Another tactic was to befriend journalists so that they would write fictional stories about him. In one newspaper article, it was reported that he had such a great time at Puebla that he was even invited to become a Mexican citizen to play for the national team. He also used toy mobile phones, expensive and uncommon at the time, to create fake conversations in foreign languages or reject non-existent transfer offers to create an image of himself as a valuable player.

===Club career===
Upon returning to Brazil, Kaiser went back to Botafogo, starting his farce career. While employing his fake injury scam, he also made use of his aforementioned toy mobile phone scam by pretending to speak English to buy himself more time at the club, but was later discovered by a club doctor who was fluent in English. He later rejoined Flamengo and stayed a few months with the same injury scam.

Amongst his scams, he claimed that he played in Argentina at Talleres de Córdoba and Independiente, being brought by a man named "Alejandro", who was a friend of Jorge Burruchaga and claiming that he was part of the squad that won both the 1984 Copa Libertadores and the 1984 Intercontinental Cup by portraying himself as Carlos Enrique, an Argentinian player who was genuinely part of the squad.

In 1986, he allegedly moved to Europe and joined French Division 2 club Gazélec Ajaccio where a friend was playing. At his presentation, the club arranged a training session with the fans and, afraid of being caught, he shot all the balls to the crowd while kissing the club's badge. He never played at the club and returned to Brazil the following year, although his friendship with journalists later earned him an article where he was depicted as a top goalscorer at Gazélec Ajaccio where he had played for eight seasons. However, the friend, Fabio "Fabinho" Barros who played at Ajaccio for four years, says that Kaiser never actually went to Corsica. Instead, the two of them took photographs of Kaiser wearing an Ajaccio jersey that Barros gave to him as a present at a field in Horto. Barros states that Kaiser later used these photographs, as well as a forged player identification card as "proof" of his time in France.
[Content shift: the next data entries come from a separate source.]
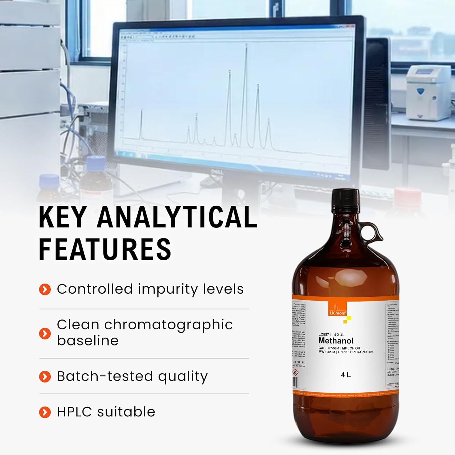 Get High Purty HPLC grade Methanol from LiChrom to get fast, reliable and reproducible results for your analysis. LiChrom series products are ideal FOR all type of Liquid Chromatography. These products are tested as per LIQUID CHROMATOGRAPHY SPECIFICATIONS. THIS PRODUCT IS INTENDED FOR LABORATORY USE ONLY. THIS PRODUCT CAN BE SHIPPED THROUGH GROUND SHIPPING ONLY.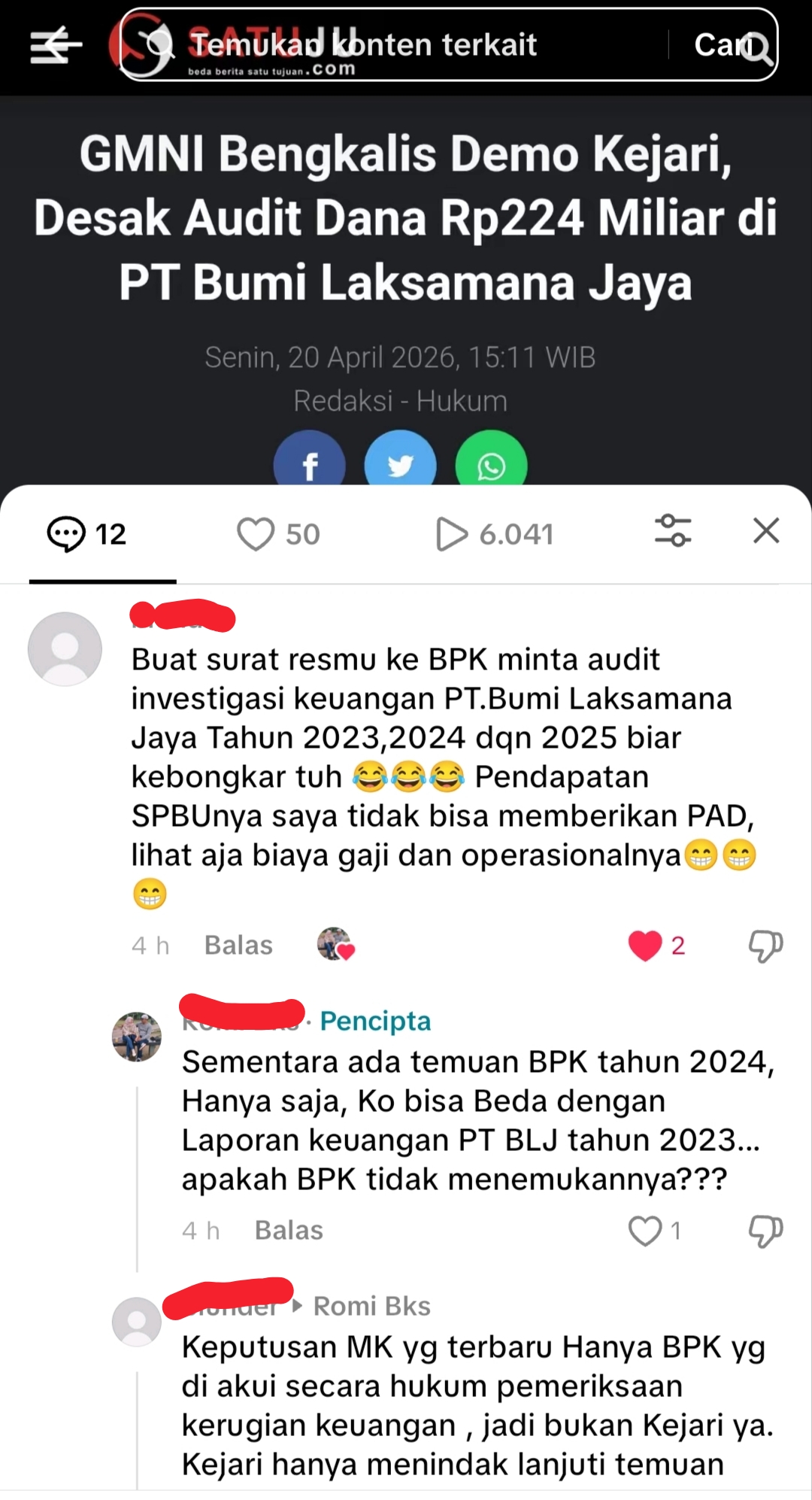Bengaklis, Satuju.com - Aksi unjuk rasa yang digelar Gerakan Mahasiswa Nasional Indonesia (GMNI) Kabupaten Bengkalis di Kantor Kejaksaan Negeri Bengkalis, Senin (20/4/2026), terkait desakan audit dana Rp224 miliar di PT Bumi Laksamana Jaya (BLJ), memicu beragam tanggapan di media sosial. BERITA TERKAIT: https://www.satuju.com/berita/14831/investasi-janggal-hingga-aset-zombie-terkuak-kinerja-dan-tata-kelola-pt-blj-bengkalis-hingga-temuan-bpk-disorot.html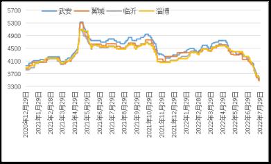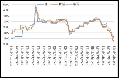 據(jù)云商平臺(tái)監(jiān)測(cè)數(shù)據(jù)顯示,截至7月29日,煉鋼生鐵天津地區(qū)報(bào)價(jià)3120元(噸價(jià),下同),較月初跌550元;唐山地區(qū)報(bào)價(jià)3150元,較月初跌550元;翼城地區(qū)報(bào)價(jià)3100元,較月初跌620元;臨沂地區(qū)報(bào)價(jià)3350元,較月初跌500元(詳見(jiàn)圖2)。

Returning to Brazil, he joined Bangu, where he again used his fake injury scam. However, Castor de Andrade, the club's major sponsor and patron, became tired of seeing him just training. During one match, Castor told the coach to play him, as the team was losing 2–0. When Kaiser was sent to warm up, he saw a group of supporters shouting abuse at the players and started to fight them, for which he immediately received a red card without even participating in the actual match. After the match, he lied to the patron that the supporters called him a thief. He was forgiven and earned a six-month extension.

In 1989, Kaiser turned up on the roster of American indoor side: the El Paso Sixshooters of the Southwest Independent Soccer League.

Kaiser also had a spell at Fluminense where, together with his injury scam, he again used a toy mobile phone to pretend to reject offers from other clubs, stating that he was happy at the club, but was caught by an assistant. He later joined Vasco da Gama, where he was signed to help a teammate to overcome an alcohol problem as he did not drink and had a reputation of being a good person.

==Film==
In November 2015, Kaiser signed an exclusive agreement with a UK production company, Nods & Volleys Entertainment Limited, which was specifically incorporated to tell his story on all media formats. Interview filming on a cinematic release was completed in December 2016.

Kaiser: The Greatest Footballer Never to Play Football had its world premiere at Tribeca Film Festival on 21 April 2018. The film features contributions from Carlos Alberto Torres, Zico, Renato Gaucho, Bebeto, Junior and Ricardo Rocha.

==Book==
The book Kaiser: The Greatest Footballer Never to Play Football, by the journalist Rob Smyth, was published in 2018.